Cyber Crime Biggest Challenge To Cops, Nation

Cyber Crime Biggest Challenge To Cops, Nation

Cyber crime holds no boundaries. Unlike other crimes, it is not necessary for the criminal to be close to the victim. The crime can take place in any part of the world and can affect an individual in a different country, said IGP (Western Range) Pratap Reddy.

He was speaking after inaugurating a UGC sponsored State-level seminar on 'Cyber Crime,' organised by School of Social Work Roshni Nilaya in Mangalore on Friday.
The police force faces a biggest challenge when a cyber criminal has committed a crime from a different country. Each country has their own law and many prohibit collection of evidence.

The organised criminals make use of this weakness and plan the crime from different parts of the world, he said.  

"Technology being updated everyday is another main challenge. The IT Act introduced in 2000 was amended in 2008. However, in eight years technology had changed drastically and since 2008 till date even more innovations have been added," said Reddy and added that every company is in a race to introduce a better product that they do not see if the government is updated to handle to crime that may be caused due to the technology.

Today it is very easy to obtain personal data, as we ourselves share information in many instances such as ordering a pizza, booking things online, downloading softwares. However, if this data base falls in wrong hands, it leads to cyber crime,  he warned.

Advanced threats 

Speaking on the topics 'Introduction to Cyber Crime and Types of Cyber Crime,' CID Detective Inspector M D Sharath said that a study on cyber crimes shows there is no tendency of the crimes slowing down. The 2011 research reports highlight new advanced threats and an increased of sophistication in the attacks. 

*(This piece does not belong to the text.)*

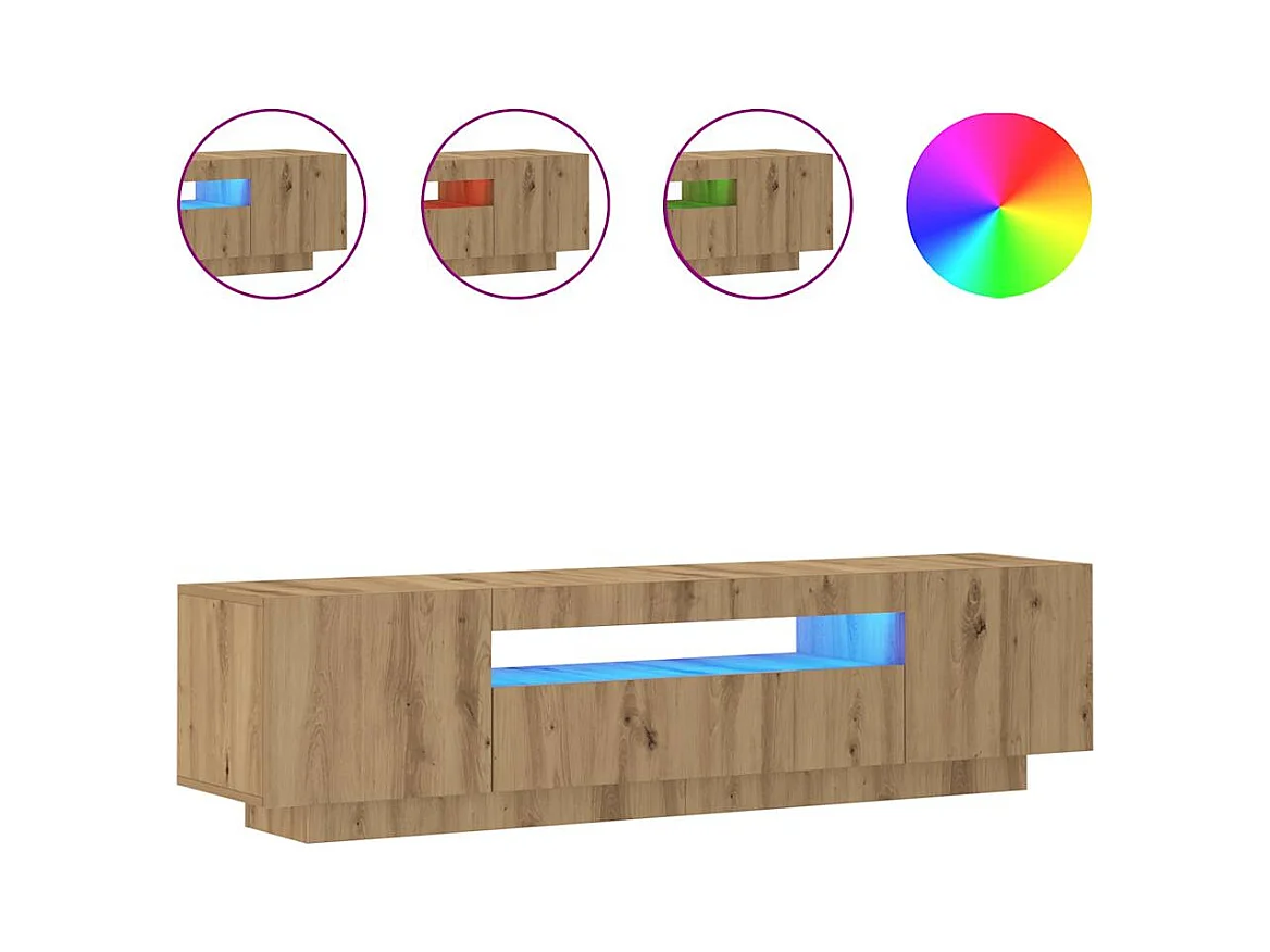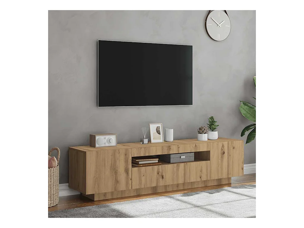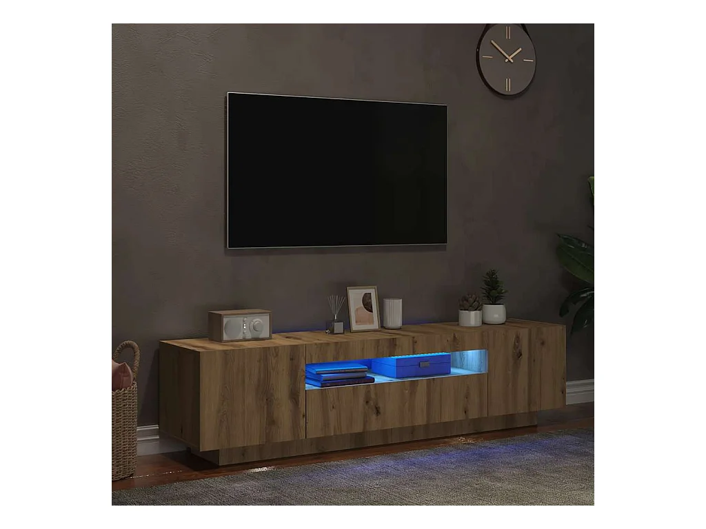 Meuble TV avec lumières LED chêne artisanal bois d'ingénierie

India is projected to be the third largest internet user base in the world in 2013 with over 120 million internet users in India. Electronic payments in India account for 35.3 per cent of the local transactions in terms of volume and 88.3 per cent in terms of value. India has also the world's second largest mobile phone user base with 894 million users as on December 2011.

However, the NCRB Cyber Crime Statistics reveal that 1791 cyber crime cases are registered under the IT Act 2008. There is an increase of 85.4 per cent cases over 2010. As many as 422 cases are registered under IPC and 1184 persons have been arrested, he said.

"One can spread terror as seen in the North East Exodus, where mass SMS was used to send messages. Many fall prey to Nigerian scams. On interrogating a Nigerian fraud, he said it is easy to fool Indians as they are greedy," he said.

Speaking on some of the latest innovations in cyber crime, Sharath said that it is possible to manipulate a cardiac pacemaker by hacking the signal and also manipulate insulin levels shown in a insulin level reader. With this, the life of the person is at risk. The hacker can simply stop the pacemaker or give wrong insulin level information resulting in a person's death. In Europe, a LAN connection of a hospital was hacked and the prescription of a particular patient was modified, resulting in the death of the person, he said.

School of Social Work Roshni Nilaya Principal said that with world wide web, the world has become a global village. People should be careful while using technology, she advised.
Department of Law Coordinator and Kuvempu University Director of Distance Education Special Officer Dr A Mohan Ram took up a session on 'Cyber Law'.

M D Sharath took another session 'Modern System and Technology to Combat Cyber Crime'. DK District Superintendent of Police Abhishek Goyal spoke on 'Public-Participation in Combating Cyber Crime'.